De bladeren van de gewassen die worden aangevallen door de meloenbladluis draaien, de eierstokken met bloemen vallen eraf en de stengels zijn merkbaar gebogen. In de regel vormen deze plagen hun kolonies op de onderste delen van de bladeren, maar vaak worden ze ook gevonden op jonge vruchten, maar ook op bloemen en stengels. In de kortst mogelijke tijd zuigen ze alle sappen uit de groene delen van de groeiende gewassen, waardoor ze geel worden, kreuken en uitdrogen. En de kleverige uitwerpselen die door de meloenbladluizen worden uitgescheiden, dragen in hoge mate bij aan de ontwikkeling van schimmel- en virale aandoeningen (Alternaria, anthracnose en vele anderen).

Afbeelding
Afbeelding

Hoe te vechten?

Onkruidvegetatie voor preventieve doeleinden moet systematisch van de locaties worden verwijderd. En insecticiden tegen meloenbladluizen beginnen te worden gebruikt als ze in de eerste helft van het seizoen 7 tot 15% van de geteelde gewassen kunnen bevolken. Het is het beste om te gebruiken voor het spuiten van preparaten zoals "Fury", "Karate" en "Actellic".

Systemische insecticiden ("Aktara", "Confidor", enz.) Hebben zich behoorlijk goed bewezen in de strijd tegen meloenbladluizen. Het is vooral goed om ze gelijktijdig met druppelirrigatie te gebruiken.

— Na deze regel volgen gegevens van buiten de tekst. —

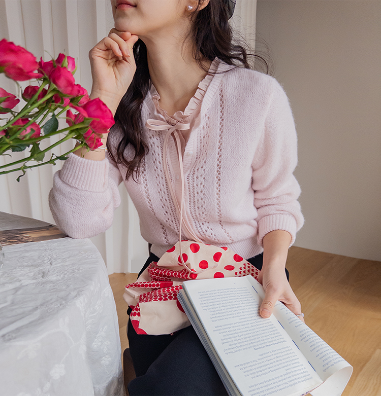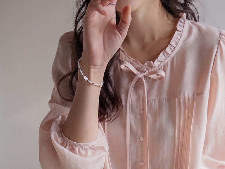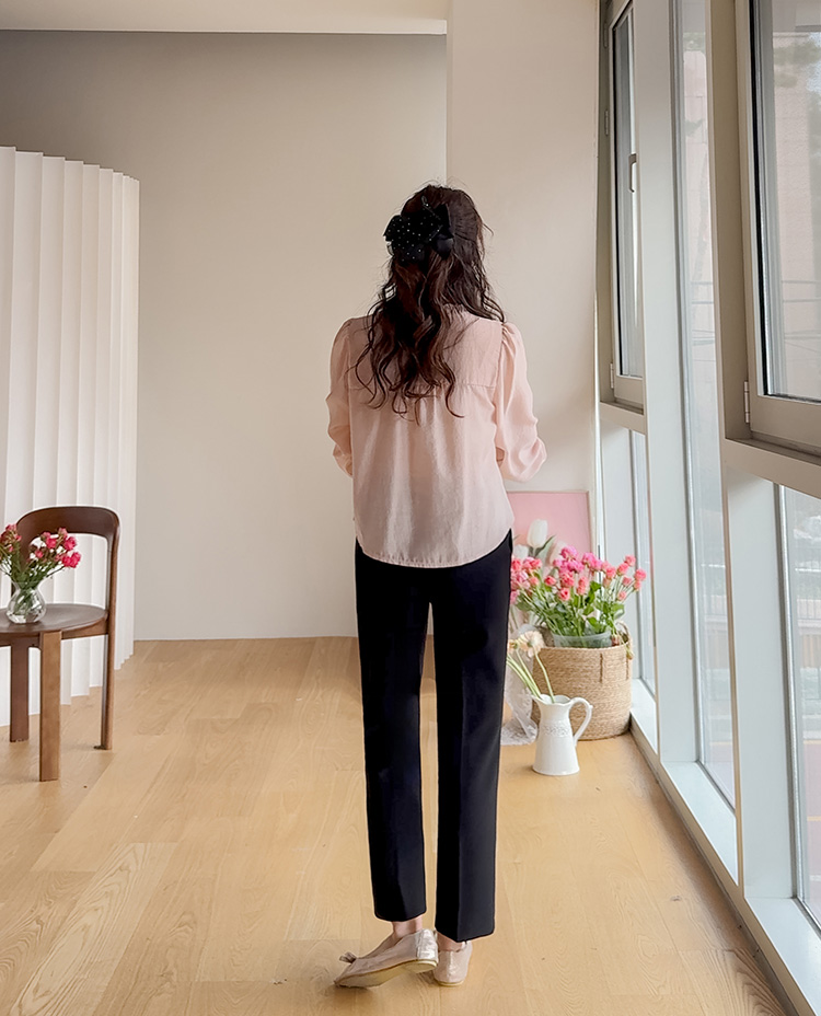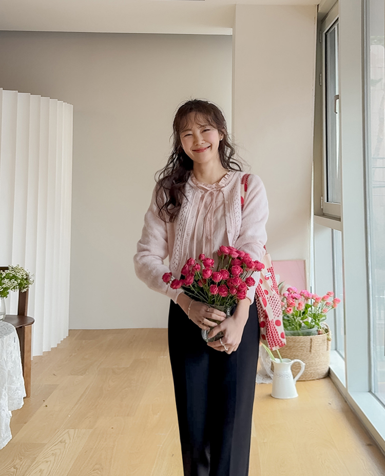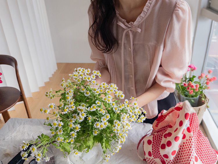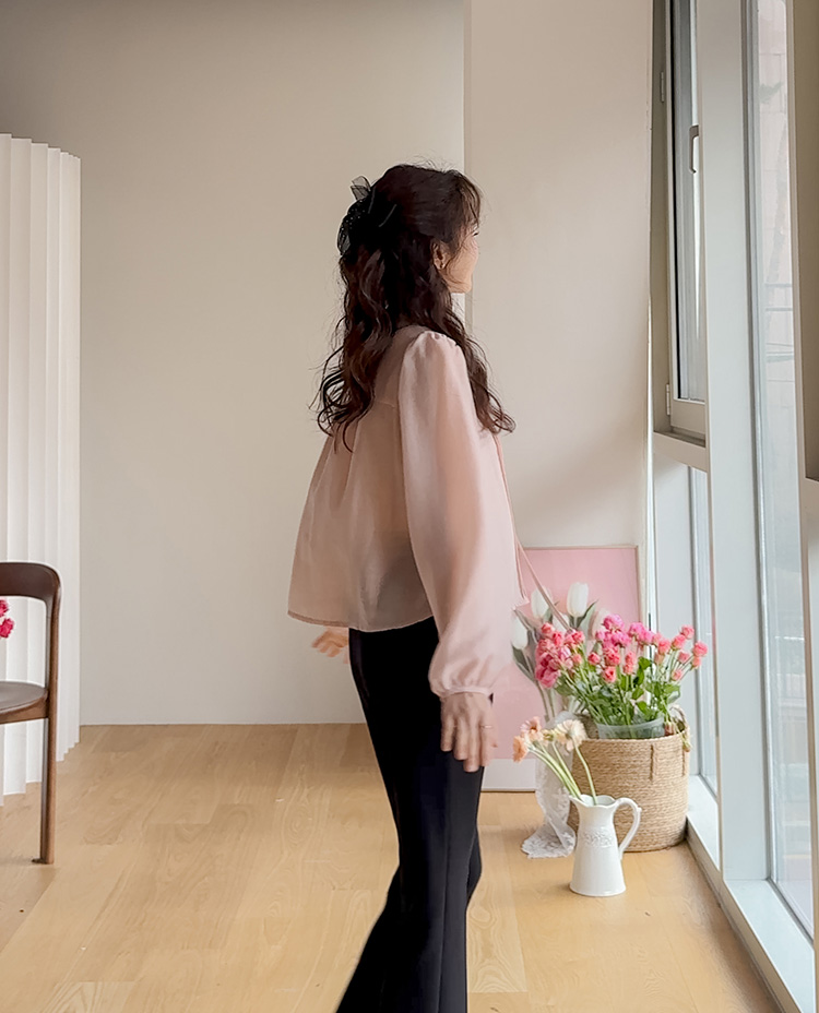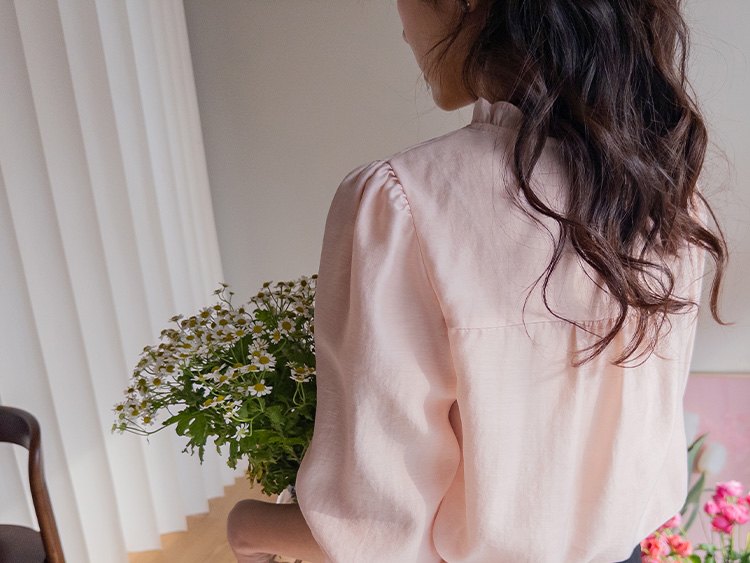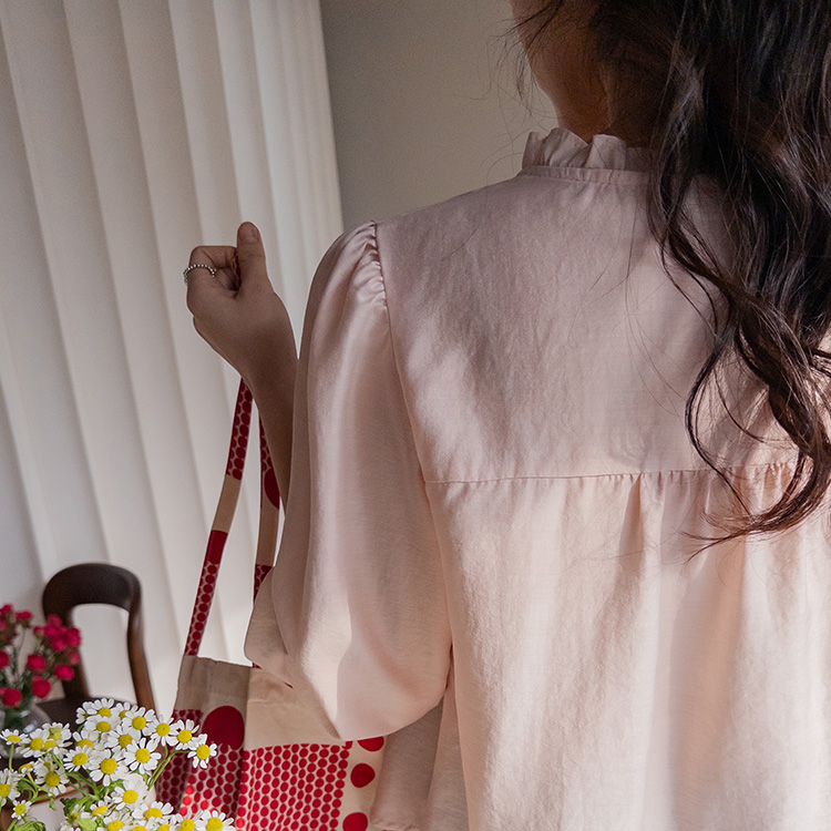 디테일이 살아있는 로맨틱 블라우스 소개드려요 ^~^ 넥라인 프릴과 리본 디테일이 더해져 입는 순간 분위기가 확 살아나는 아이템이에요! 전면 세로 핀턱 디테일이 들어가 있어 상체 라인을 슬림하고 길어 보이게 연출해주고, 과하지 않은 셔링으로 볼륨 소매가 여리여리한 실루엣을 완성해줘요~ 은은하고 부드러운 컬러감으로 얼굴빛을 화사하게 밝혀주어 데이트룩, 출근룩, 모임룩까지 모두 잘 어울려요 :) 스커트, 슬랙스, 데님 어디에나 매치하기 좋아 손이 자주 갈 블라우스랍니다 ♥ 굿초이스 해주세요!

Het aantal meloenbladluizen wordt ook beperkt door verschillende roofinsecten. De larven en het imago van deze vraatzuchtige parasieten zullen niet weigeren zich tegoed te doen aan de larven van sirfid vliegen, roofwantsen en roofzuchtige galmuggen. Ook kunnen plagen endoparasieten uit de families van bladluizen, bladluizen, enz. infecteren. Lieveheersbeestjes zijn ook uitstekende natuurlijke vijanden van de schadelijke meloenbladluis.